**Provided data**
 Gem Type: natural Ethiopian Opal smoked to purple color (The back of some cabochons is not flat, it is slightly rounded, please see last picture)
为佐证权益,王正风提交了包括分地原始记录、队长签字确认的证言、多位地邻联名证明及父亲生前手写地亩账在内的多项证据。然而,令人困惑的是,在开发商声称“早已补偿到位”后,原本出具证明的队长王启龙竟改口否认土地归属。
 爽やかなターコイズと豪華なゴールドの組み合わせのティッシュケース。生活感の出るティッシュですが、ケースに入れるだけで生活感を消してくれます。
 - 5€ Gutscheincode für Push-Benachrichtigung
---
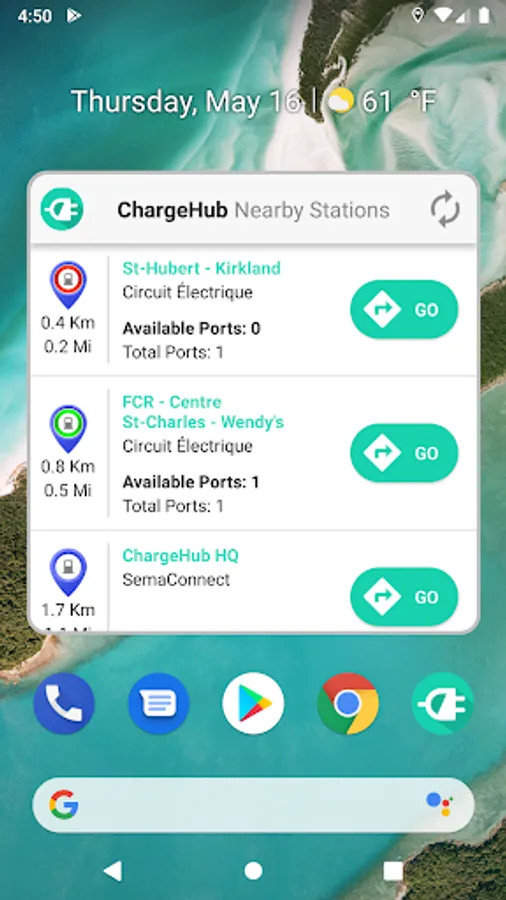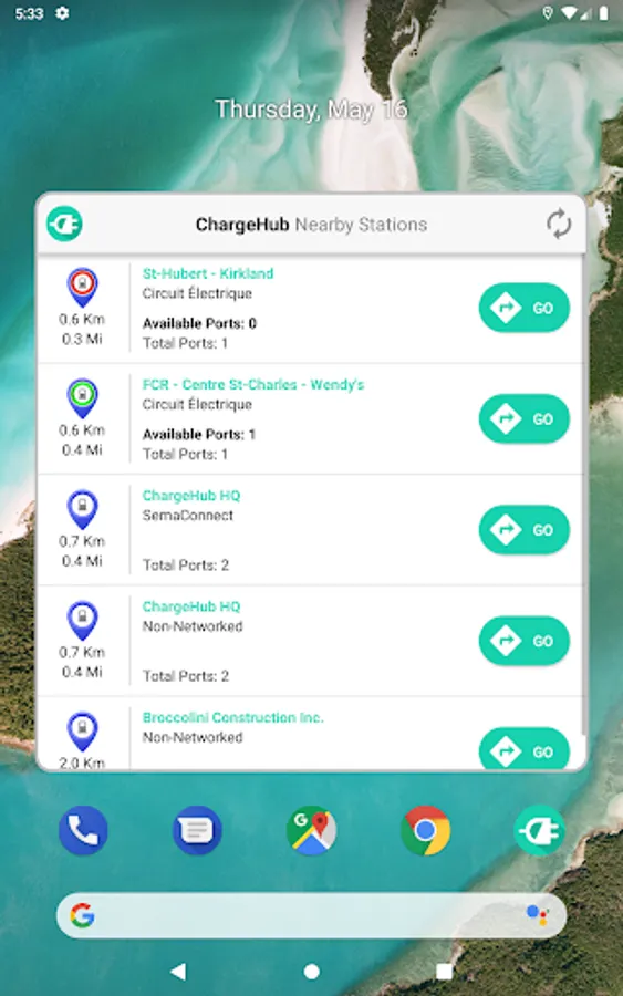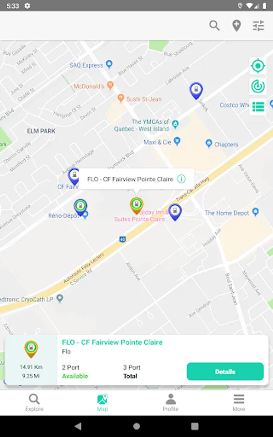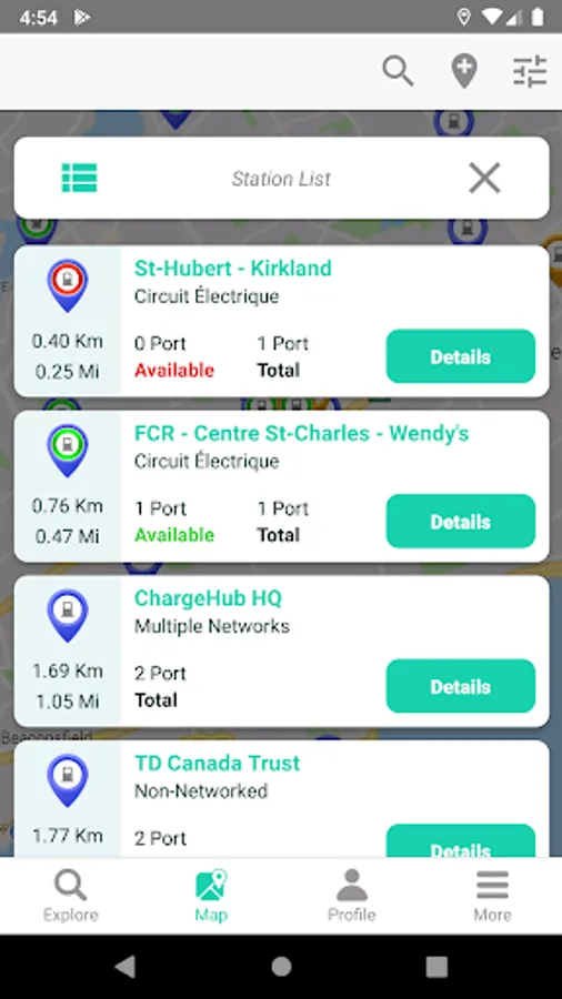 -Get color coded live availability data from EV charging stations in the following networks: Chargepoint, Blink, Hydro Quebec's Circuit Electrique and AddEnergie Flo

**Activity**
A verbatim transcription is needed of the lines above, starting at the line with "Gem Type: natural" and ending at the line with "- 5€ Gutscheincode für Push-Benachrichtigung", both included, and of nothing else.

**Solution for this exercise**
 Gem Type: natural Ethiopian Opal smoked to purple color (The back of some cabochons is not flat, it is slightly rounded, please see last picture)
为佐证权益,王正风提交了包括分地原始记录、队长签字确认的证言、多位地邻联名证明及父亲生前手写地亩账在内的多项证据。然而,令人困惑的是,在开发商声称“早已补偿到位”后,原本出具证明的队长王启龙竟改口否认土地归属。
 爽やかなターコイズと豪華なゴールドの組み合わせのティッシュケース。生活感の出るティッシュですが、ケースに入れるだけで生活感を消してくれます。
 - 5€ Gutscheincode für Push-Benachrichtigung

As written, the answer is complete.